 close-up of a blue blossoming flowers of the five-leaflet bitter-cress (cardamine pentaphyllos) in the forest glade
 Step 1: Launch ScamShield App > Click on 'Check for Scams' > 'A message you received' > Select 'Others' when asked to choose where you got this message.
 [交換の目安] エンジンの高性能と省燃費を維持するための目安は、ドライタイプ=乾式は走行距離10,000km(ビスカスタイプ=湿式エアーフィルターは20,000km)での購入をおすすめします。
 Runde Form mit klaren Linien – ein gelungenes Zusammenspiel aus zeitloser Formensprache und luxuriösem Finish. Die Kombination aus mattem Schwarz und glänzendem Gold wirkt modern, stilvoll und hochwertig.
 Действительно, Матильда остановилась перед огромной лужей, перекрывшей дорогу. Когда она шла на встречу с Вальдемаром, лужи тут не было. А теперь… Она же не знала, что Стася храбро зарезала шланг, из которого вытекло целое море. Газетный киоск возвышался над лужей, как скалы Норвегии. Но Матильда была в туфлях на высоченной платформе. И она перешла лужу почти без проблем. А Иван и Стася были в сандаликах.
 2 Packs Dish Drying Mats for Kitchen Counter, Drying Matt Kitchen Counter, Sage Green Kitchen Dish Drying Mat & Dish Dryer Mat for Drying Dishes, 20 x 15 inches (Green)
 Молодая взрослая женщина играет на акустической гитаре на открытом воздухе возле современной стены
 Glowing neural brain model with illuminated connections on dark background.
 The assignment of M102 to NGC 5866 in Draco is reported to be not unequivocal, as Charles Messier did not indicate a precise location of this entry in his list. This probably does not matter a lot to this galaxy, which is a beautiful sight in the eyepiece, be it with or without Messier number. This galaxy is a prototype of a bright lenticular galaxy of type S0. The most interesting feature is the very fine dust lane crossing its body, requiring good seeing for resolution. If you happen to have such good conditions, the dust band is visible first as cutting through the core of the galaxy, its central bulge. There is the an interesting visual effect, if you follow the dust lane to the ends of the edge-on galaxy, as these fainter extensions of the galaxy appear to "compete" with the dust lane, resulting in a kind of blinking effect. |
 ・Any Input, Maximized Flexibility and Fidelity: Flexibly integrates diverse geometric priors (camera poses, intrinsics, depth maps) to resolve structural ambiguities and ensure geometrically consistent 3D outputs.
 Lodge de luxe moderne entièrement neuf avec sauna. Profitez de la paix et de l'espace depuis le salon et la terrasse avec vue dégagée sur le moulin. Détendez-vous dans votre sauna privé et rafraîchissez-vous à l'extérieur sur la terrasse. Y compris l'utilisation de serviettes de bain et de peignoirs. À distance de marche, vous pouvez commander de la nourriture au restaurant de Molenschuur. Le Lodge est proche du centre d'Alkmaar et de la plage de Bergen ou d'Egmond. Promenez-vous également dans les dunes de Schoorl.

==

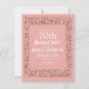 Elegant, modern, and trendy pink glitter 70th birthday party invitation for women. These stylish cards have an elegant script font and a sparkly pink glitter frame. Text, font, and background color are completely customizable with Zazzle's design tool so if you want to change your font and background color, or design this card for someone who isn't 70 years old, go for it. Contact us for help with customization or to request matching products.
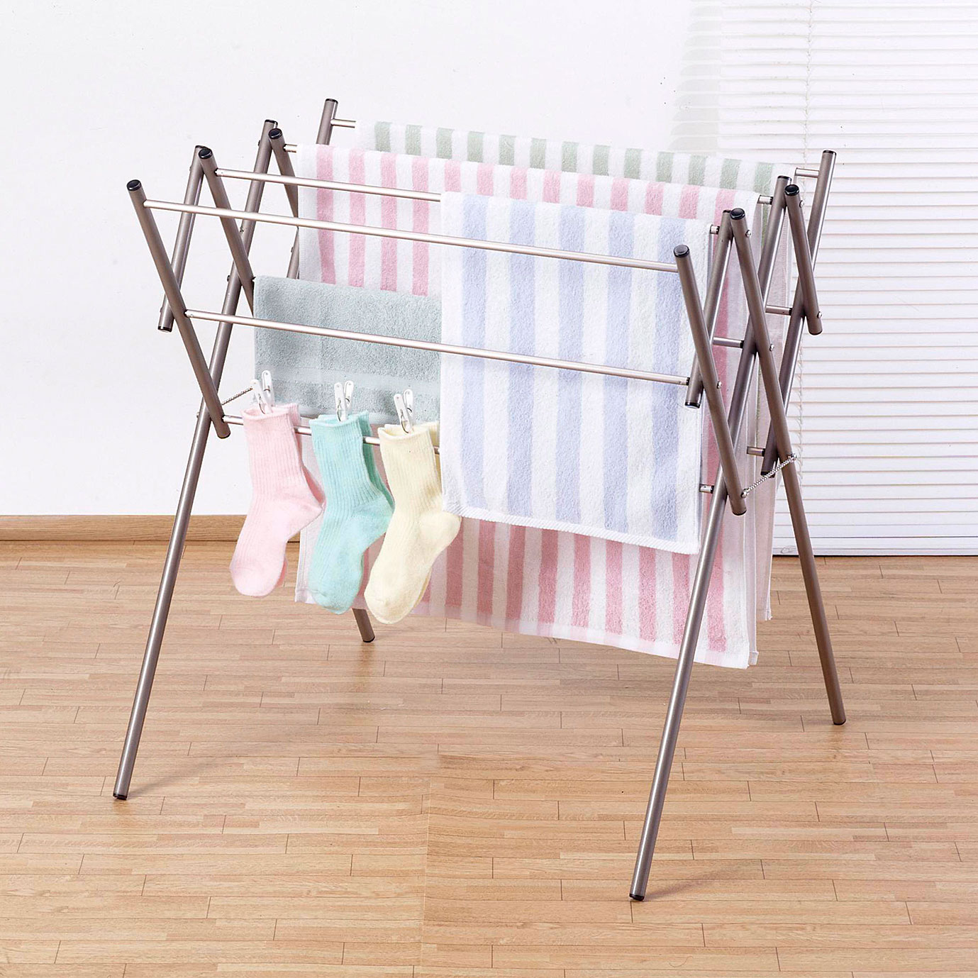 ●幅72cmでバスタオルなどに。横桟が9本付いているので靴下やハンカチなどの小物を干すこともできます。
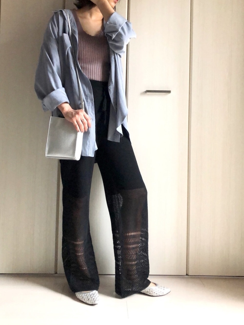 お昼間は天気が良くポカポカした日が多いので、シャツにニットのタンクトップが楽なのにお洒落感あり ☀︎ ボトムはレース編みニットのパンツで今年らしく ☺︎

---

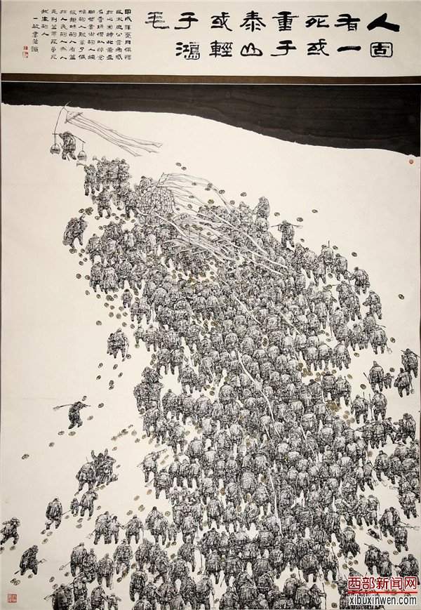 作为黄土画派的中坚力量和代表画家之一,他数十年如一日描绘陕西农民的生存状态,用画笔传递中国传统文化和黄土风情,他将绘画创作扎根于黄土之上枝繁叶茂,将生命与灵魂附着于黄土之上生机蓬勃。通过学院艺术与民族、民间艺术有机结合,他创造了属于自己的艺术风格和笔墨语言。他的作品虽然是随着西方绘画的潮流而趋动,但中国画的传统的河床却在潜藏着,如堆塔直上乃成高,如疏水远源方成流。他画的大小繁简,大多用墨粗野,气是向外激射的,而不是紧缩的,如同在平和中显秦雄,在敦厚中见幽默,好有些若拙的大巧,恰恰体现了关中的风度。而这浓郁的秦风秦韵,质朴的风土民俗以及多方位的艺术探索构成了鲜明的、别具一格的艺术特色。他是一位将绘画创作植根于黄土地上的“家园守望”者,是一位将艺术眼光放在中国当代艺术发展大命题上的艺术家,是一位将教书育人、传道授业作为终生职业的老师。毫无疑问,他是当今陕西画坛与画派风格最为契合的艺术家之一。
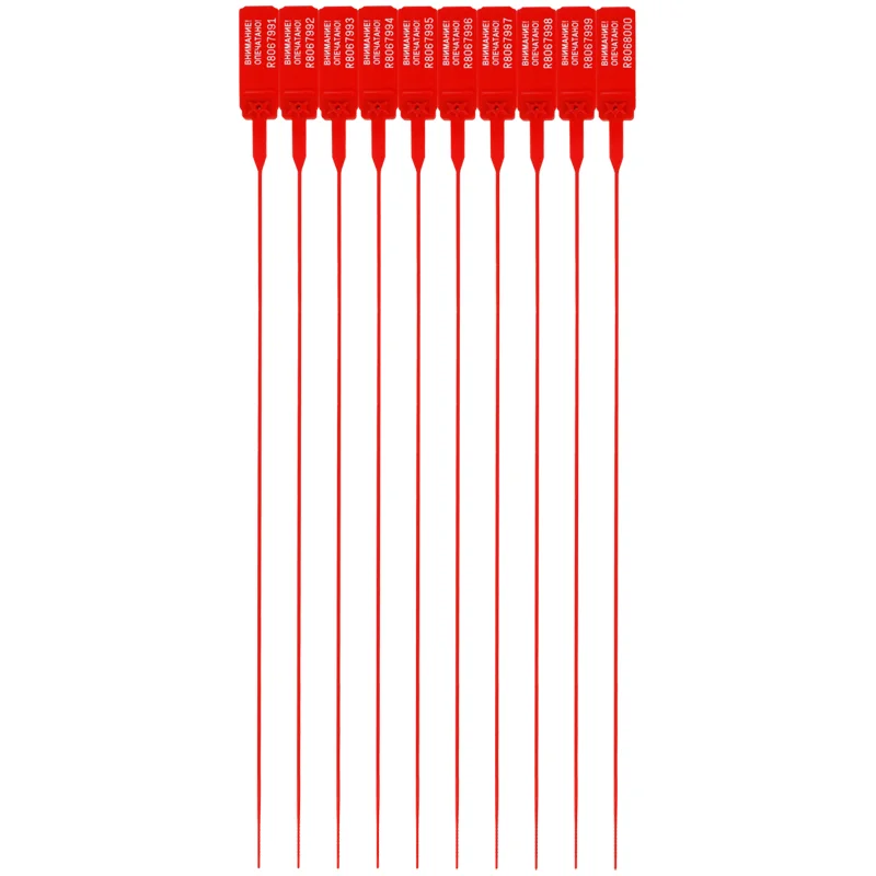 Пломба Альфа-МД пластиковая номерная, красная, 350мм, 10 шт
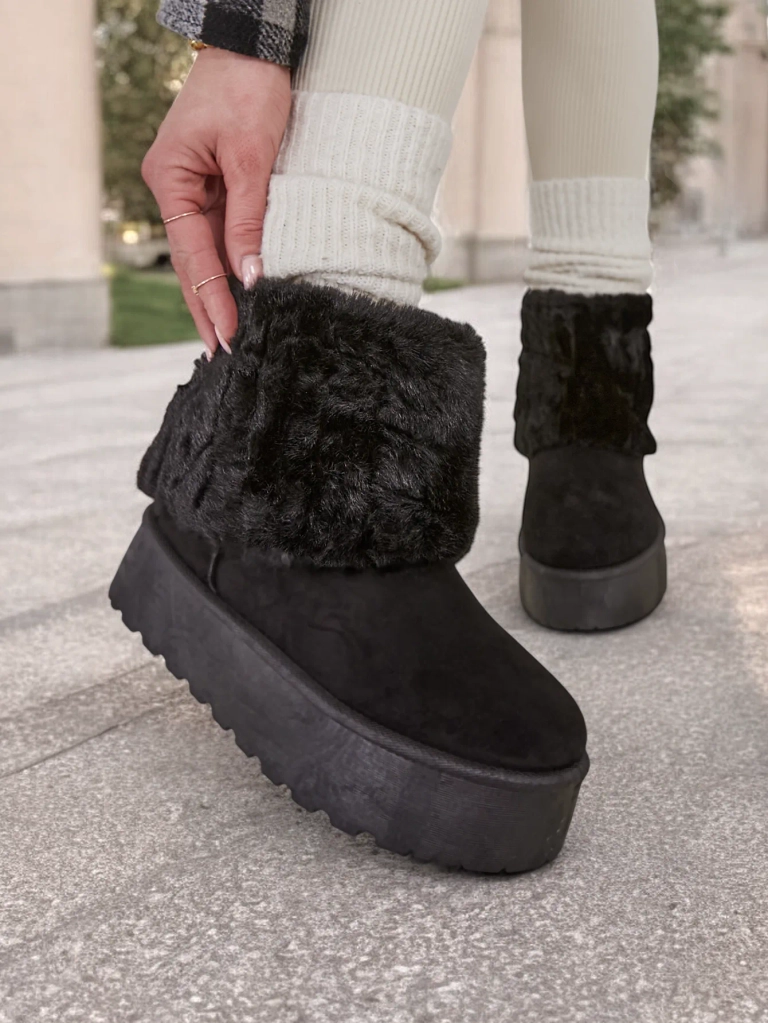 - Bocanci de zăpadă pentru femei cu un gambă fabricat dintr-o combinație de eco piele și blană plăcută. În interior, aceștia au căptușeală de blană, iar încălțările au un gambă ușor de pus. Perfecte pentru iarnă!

→ What is needed: Only the lines above from the line with "close-up of a" to the line with "Glowing neural brain", those two lines included, should be reproduced exactly.

→ Written answer:
 close-up of a blue blossoming flowers of the five-leaflet bitter-cress (cardamine pentaphyllos) in the forest glade
 Step 1: Launch ScamShield App > Click on 'Check for Scams' > 'A message you received' > Select 'Others' when asked to choose where you got this message.
 [交換の目安] エンジンの高性能と省燃費を維持するための目安は、ドライタイプ=乾式は走行距離10,000km(ビスカスタイプ=湿式エアーフィルターは20,000km)での購入をおすすめします。
 Runde Form mit klaren Linien – ein gelungenes Zusammenspiel aus zeitloser Formensprache und luxuriösem Finish. Die Kombination aus mattem Schwarz und glänzendem Gold wirkt modern, stilvoll und hochwertig.
 Действительно, Матильда остановилась перед огромной лужей, перекрывшей дорогу. Когда она шла на встречу с Вальдемаром, лужи тут не было. А теперь… Она же не знала, что Стася храбро зарезала шланг, из которого вытекло целое море. Газетный киоск возвышался над лужей, как скалы Норвегии. Но Матильда была в туфлях на высоченной платформе. И она перешла лужу почти без проблем. А Иван и Стася были в сандаликах.
 2 Packs Dish Drying Mats for Kitchen Counter, Drying Matt Kitchen Counter, Sage Green Kitchen Dish Drying Mat & Dish Dryer Mat for Drying Dishes, 20 x 15 inches (Green)
 Молодая взрослая женщина играет на акустической гитаре на открытом воздухе возле современной стены
 Glowing neural brain model with illuminated connections on dark background.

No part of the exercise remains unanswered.